My other grandfather, Anthony Wayne Webner, was born on March 31. Oddly, one of my grandfathers was born on March 1 and the other on March 31.
I am embarrassed to admit that I don’t know nearly as much about Grampa Webner as I should, probably because he died of lung cancer when I was young. As a kid, I thought the most interesting thing about him was that he was a painter. He painted landscapes, and portraits, and a kind of abstract depiction of piano keys in a blue swirling mist that he called “Rhapsody in Blue.” He set up an easel on their screened-in porch and painted out there while chain-smoking unfiltered Camel cigarettes. The porch was a neat place to visit because it had lots of odd objects — a palette that he would let you pick up if you were careful, rolled up tubes of oil paint, a collection of pipes (which he also smoked) and a big ashtray with a knob in the middle that he used to knock the ash out of a pipe, a neat wooden Indian, pieces of driftwood, and other bric-a-brac that he used to make up still life scenes.
I was told that Grampa Webner worked for the railroad and then as a bookkeeper for Goodyear before he retired.

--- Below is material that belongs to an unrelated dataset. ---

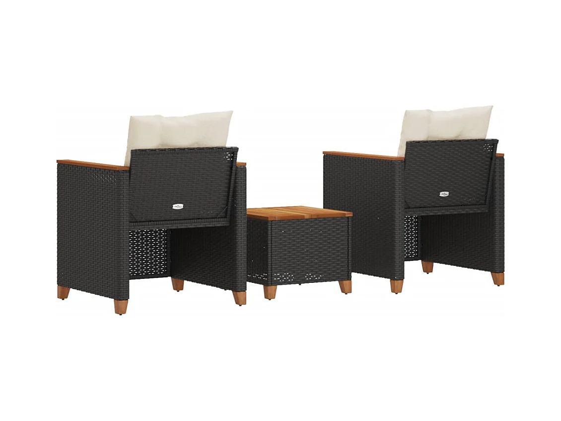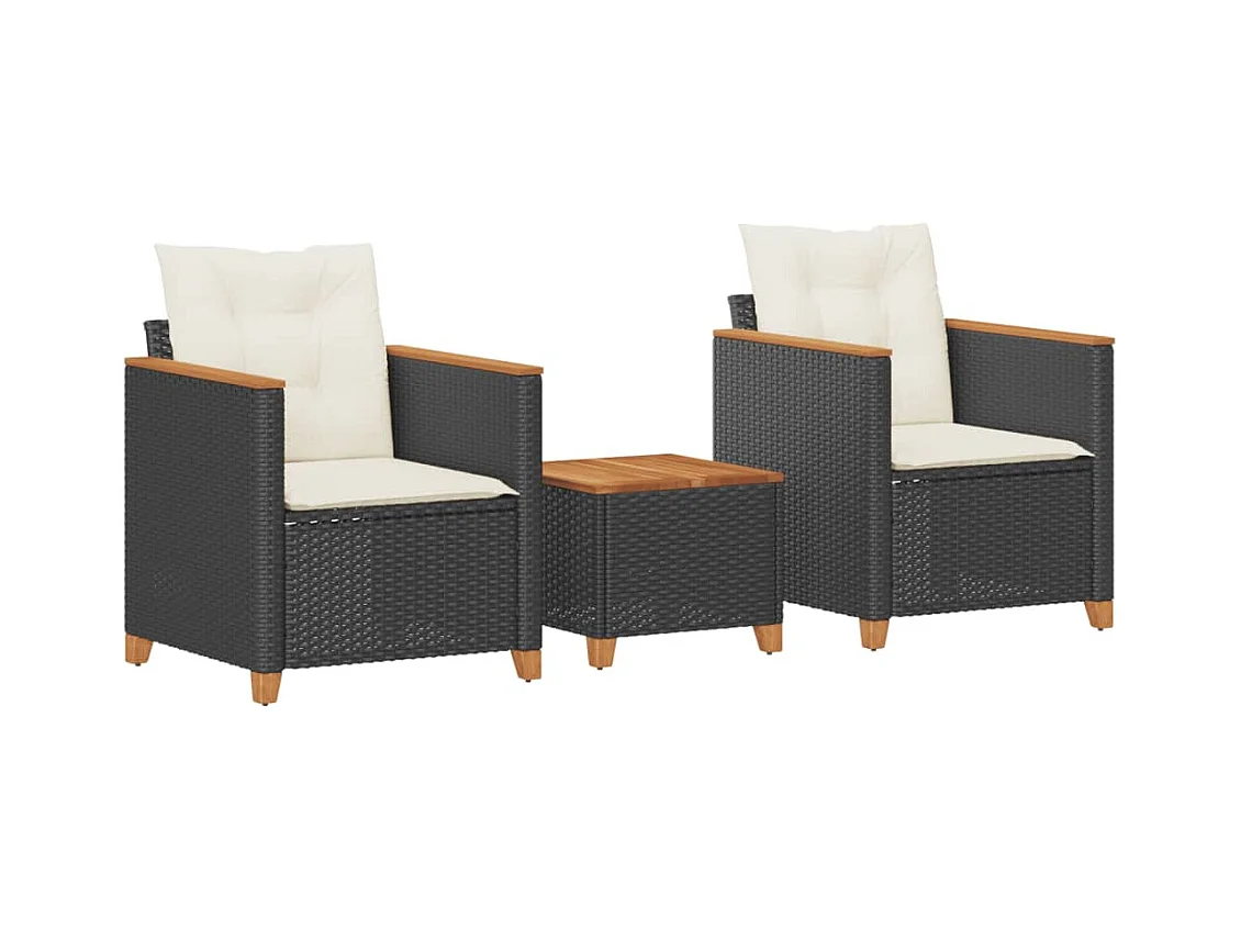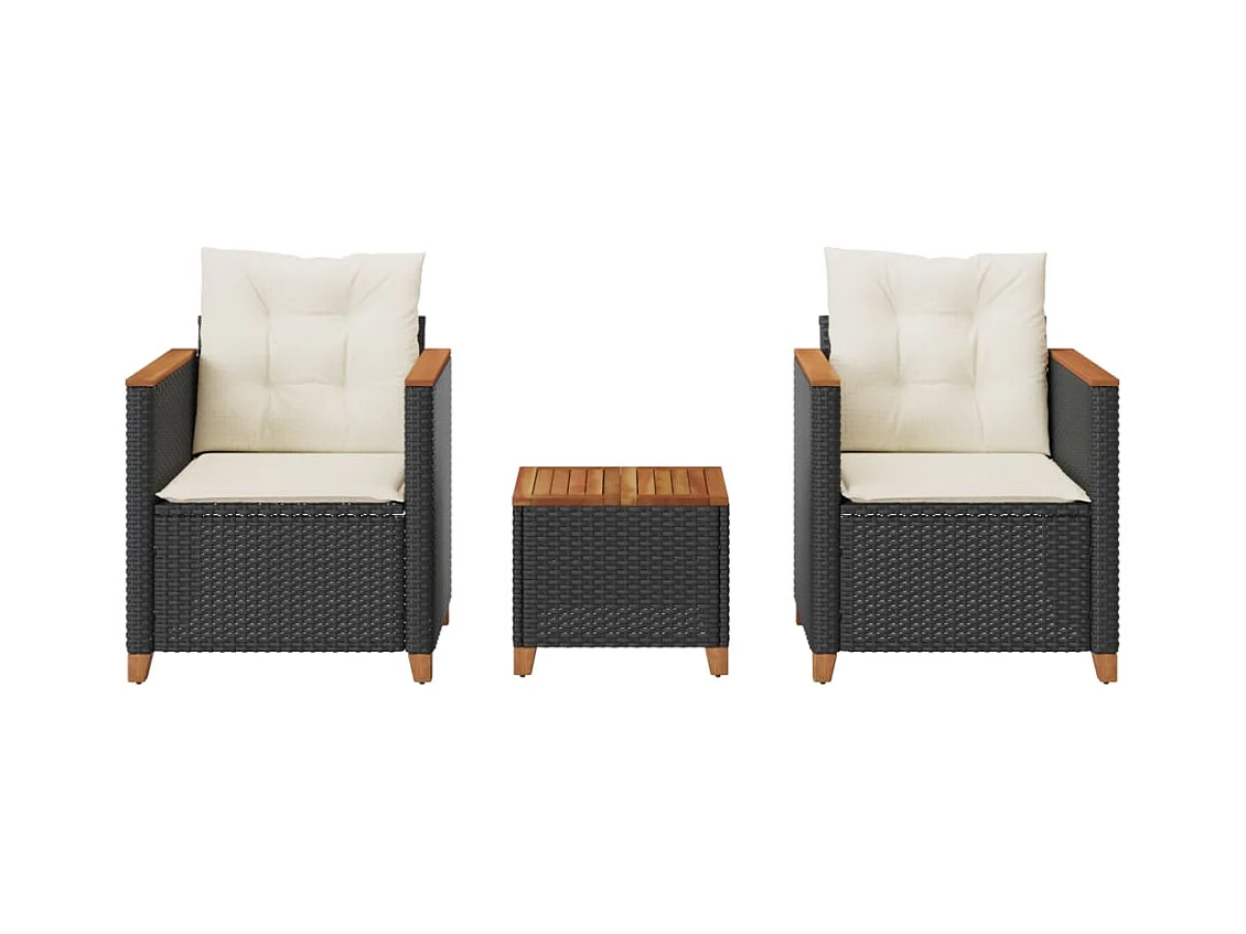 Ensemble de bistro 3 pcs et coussins noir résine tressée acacia FR84802

His co-workers must have liked him, because they cared enough to give him a classic retirement gift — a cutout picture of his face on a drawing of a guy frantically pedaling a biplane that was signed by everyone in his department with the heading “Web Takes Off.” He was a distinguished looking man, with white hair and a neatly clipped white moustache, and my grandmother took great pride in the fact that people used to tell her that he looked like a doctor. He was meticilous about his painting — often painting and repainting portraits of loved ones — and meticulous about his personal appearance. He was attentive to other details, too. For example, he was disgusted by the way we kids sprayed the cake blowing out our birthday candles and (good-naturedly, but firmly) asked my mother to put wax paper on top of the cake and punch the candles through the wax paper, so he could have his cake without a coating of our saliva. Not a bad technique, actually.